• _Task brief_
Print verbatim the lines from the beginning of the entries through the line containing "Uitnodiging voor een", both ends included. Pictures should be left out.

• _Data records_

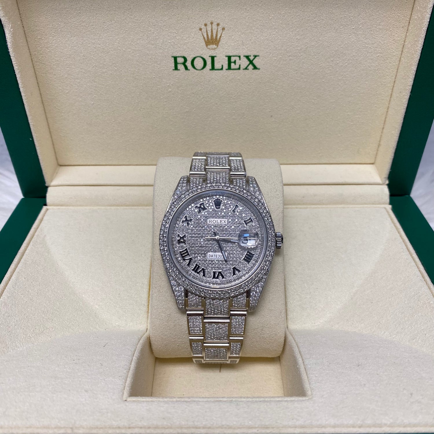 Rolex Datejust 126300 41Mm Diamond Set Watch Pave Roman Dial 2 Row Diamond Bezel Oyster Band
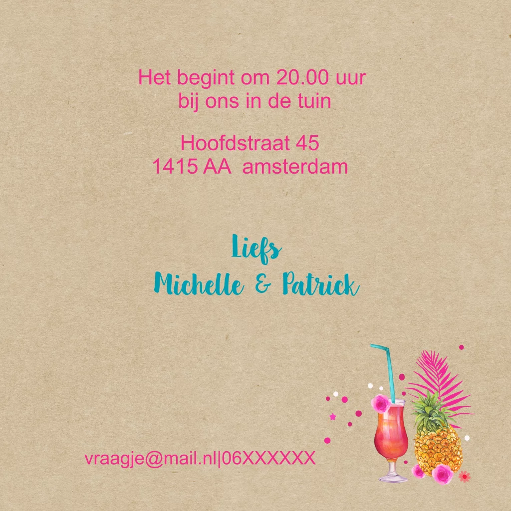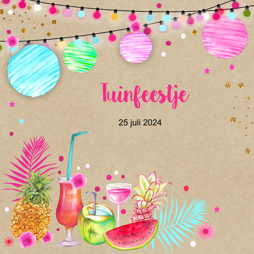 Uitnodiging voor een tropical party met kraftlook. Leuk om je verjaardag eens te vieren met een vrolijk thema. Ananas, meloen, lampionnen en cocktails!
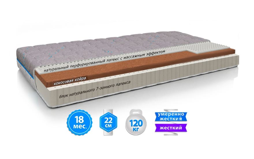 Латексована кокосова койра - натруальний природний матеріал, що володіє еластичністю і повітропроникністю, характеризується довговічністю, стійкістю до деформацій і високих навантажень. Використовується для збільшення жорсткості поверхні матраца.
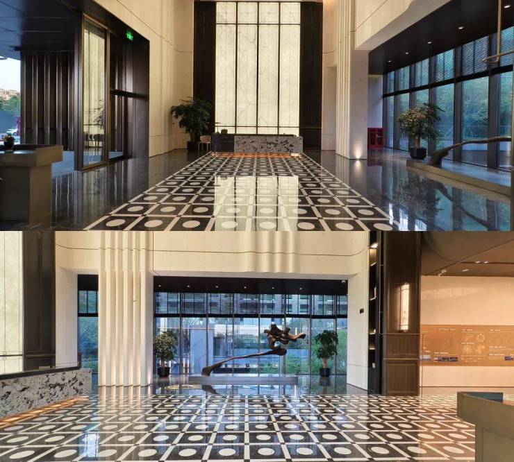 从入户的自动门进来后,咱们便能看到大约2层的入户通体大堂,配合透光灯箱和十字花瓷砖的海派装修。
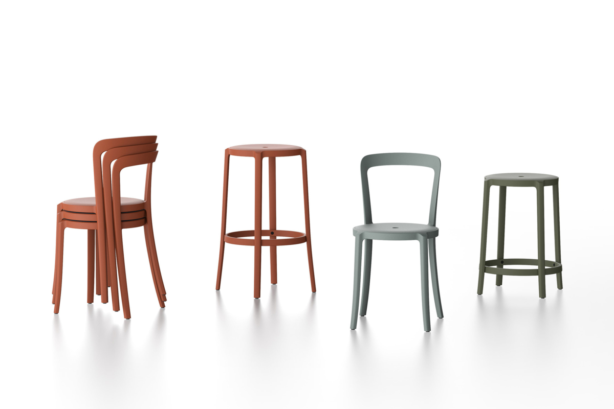 Launched at Milan Design Week 2019, the collection titled On & On is designed to be lightweight, durable, stackable and suitable for both indoor and outdoor use. The chairs and stools are comprised of recycled plastic bottles (rPET), non-toxic pigment and glass fibres.
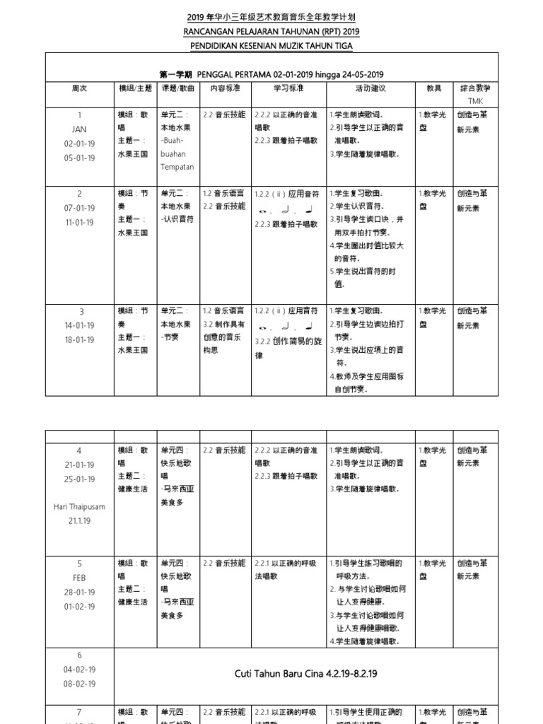 Rpt Muzik Tahun 3 2019 / Menyanyi lagu yang digemari tekanan13, mari 1.2 menyanyi dengan b.. Rancangan pengajaran tahunan (kssr) semakan pendidikan kesenian tahun 2 (muzik) minggu. Minggu tarikh topik bidang pembelajaran standard kandungan standard rancangan pengajaran tahunan (rpt) tahun 3 2019 tahun 3. Rpt pendidikan muzik tahun 3 1. Pendidikan muzik tahun 3 unit 1 : Diolah mengikut kesesuaian kelas dan tahap pencapaian murid.
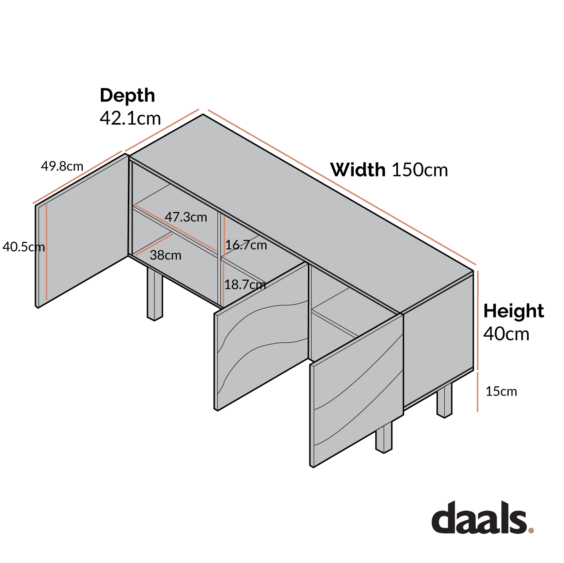 - The 150cm wide TV unit has 3 doors opening up to plenty of internal cupboard storage, with adjustable shelves for convenient storage and 3 apertures on the back for cable management.
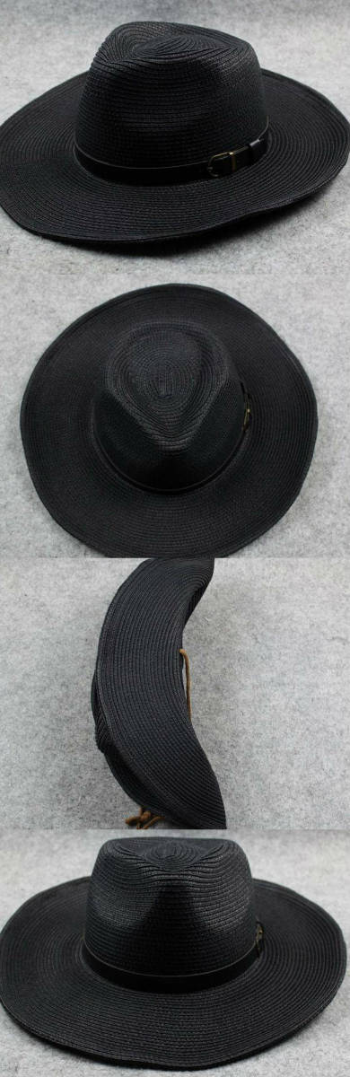 ★ヘビロテ☆大きいサイズ 形状記憶 ワイヤー入りストローハット 黒 サイズXL 62cm 紫外線防止 帽子 海水浴 キャンプ アウトドア★新品63 收藏
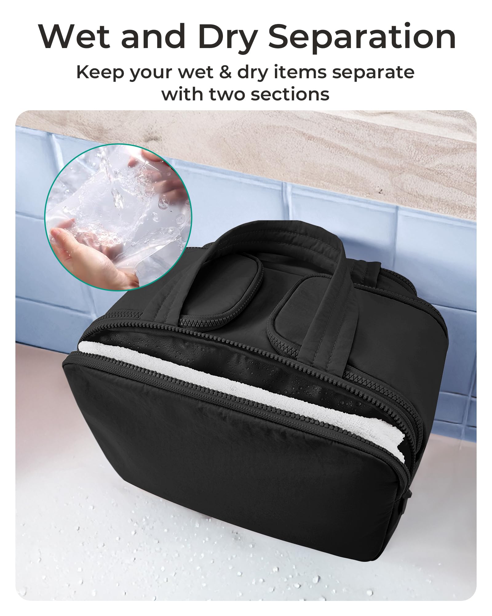 Dry-and-Wet Separation: The large toiletry bag with a waterproof PVC fabric and a front zipper pocket can help keep wet and dry items separate and make it easy to clean
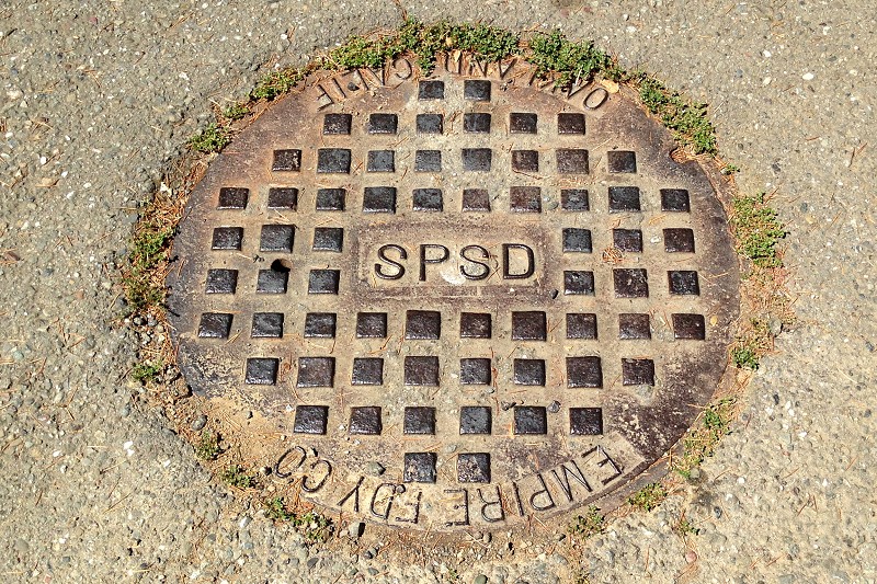 This utility hole cover sits on Keswick Court, on the south side of Shepherd Canyon. My searches for any information about SPSD have drawn a total blank. It might stand for the San Pablo Sanitary District, which existed from 1921 to 1978 when it became the West County Wastewater District. Maybe whoever installed the sewer line down Keswick bought SPSD’s outdated hardware, or the Empire Foundry had a stack lying around. I mean, who would care?
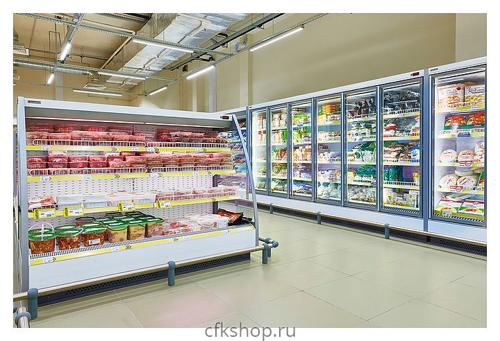 - Комбинированное решение дает возможность продемонстрировать как сыпучие товары, так и продукты в упаковке
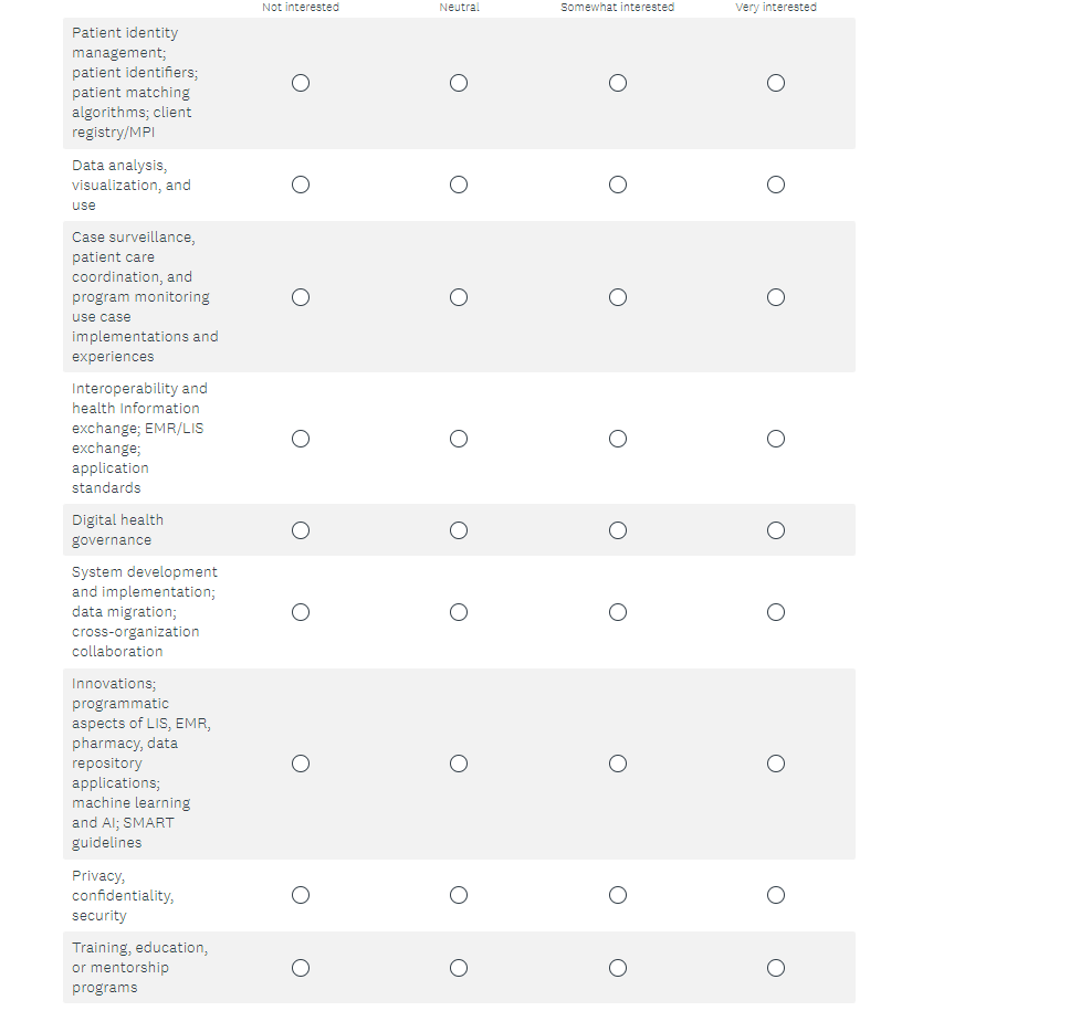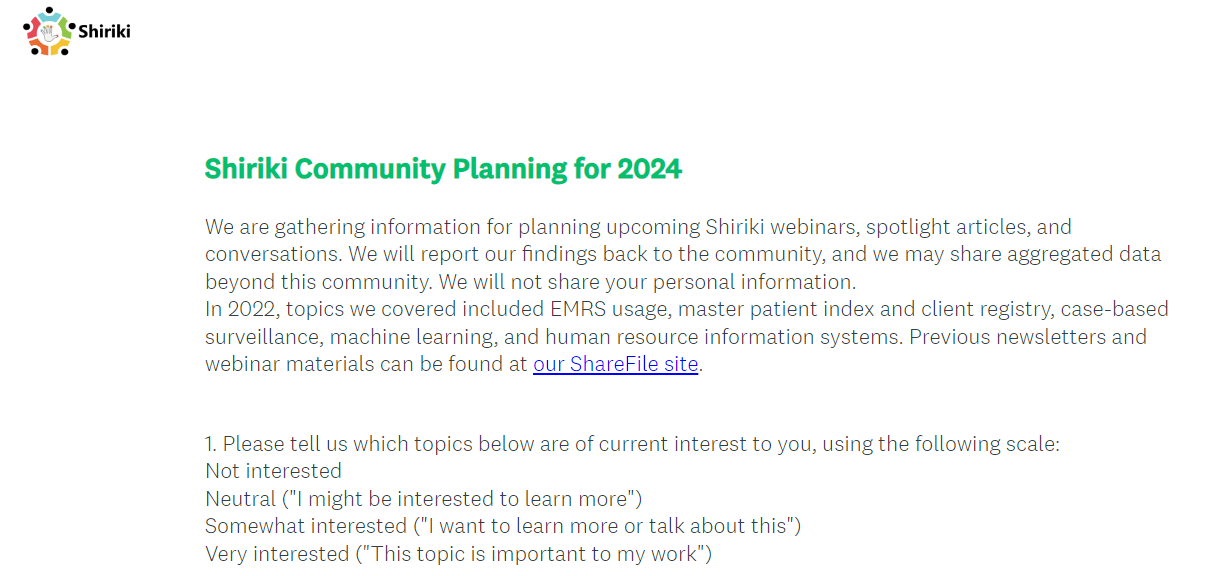 We are gathering information for planning upcoming Shiriki webinars, spotlight articles, and conversations. We will report our findings back to the community, and we may share aggregated data beyond this community. We will not share your personal information. In 2022, topics we covered included EMRS usage, master patient index and client registry, case-based surveillance, machine learning, and human resource information systems. Previous newsletters and webinar materials can be found at our ShareFile site.

• _Output below_
 Rolex Datejust 126300 41Mm Diamond Set Watch Pave Roman Dial 2 Row Diamond Bezel Oyster Band
 Uitnodiging voor een tropical party met kraftlook. Leuk om je verjaardag eens te vieren met een vrolijk thema. Ananas, meloen, lampionnen en cocktails!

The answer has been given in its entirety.